Entretanto, pesquisadores como Chamberlain e Mayberry (2000) afirmam que, embora exista uma forte relação entre as LS e a aquisição da língua escrita (L2), ainda há lacunas em nosso conhecimento acerca dos processos exatos de aquisição da língua escrita por surdos. Segundo as autoras, talvez não haja uma relação causal entre o conhecimento da ASL e a habilidade de leitura mas, em vez disso, um efeito facilitador no conhecimento das LS sobre a aquisição de uma língua escrita. Logo, são necessárias mais pesquisas que se dediquem a investigar a relação entre as LSs e a forma escrita das línguas orais. De qualquer maneira, e ainda que os estudos mencionados aqui se restrinjam ao âmbito de aquisição de L2, os resultados dessas investigações se mostram bastante relevantes para esta pesquisa, uma vez que processos semelhantes de transferência podem ocorrer entre a L1 (LIBRAS) e a L3 (LI).

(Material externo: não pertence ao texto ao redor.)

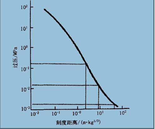 根据乙炔的W TNT及爆炸过压曲线图可计算距离不同爆炸源处的爆炸过压值:

É relevante mencionar que a transferência interlinguística está relacionada ao modelo proposto por Grosjean (1982, 2006), segundo o qual a quantidade de transferência lexical de uma língua a outra depende do “language mode” no qual se encontra o indivíduo. Esse modelo, como já definido, consiste no estado de ativação das línguas de um bi/multilíngue em um determinado momento. No “modo monolíngue”, uma das línguas (guest language) está em baixa ativação o que impede a ocorrência do code-switching ou empréstimos lexicais. Porém, no “modo bilíngue”, ela encontra-se quase tão ativa como a língua base, o que pode causar frequentes ocorrências de code-switching e empréstimos lexicais. A seção seguinte é destinada a apresentar os resultados de algumas pesquisas que investigam o processamento lexical em bi/multilíngues ouvintes, e na sequência será tratado o mesmo tema envolvendo sujeitos CODAS e surdos.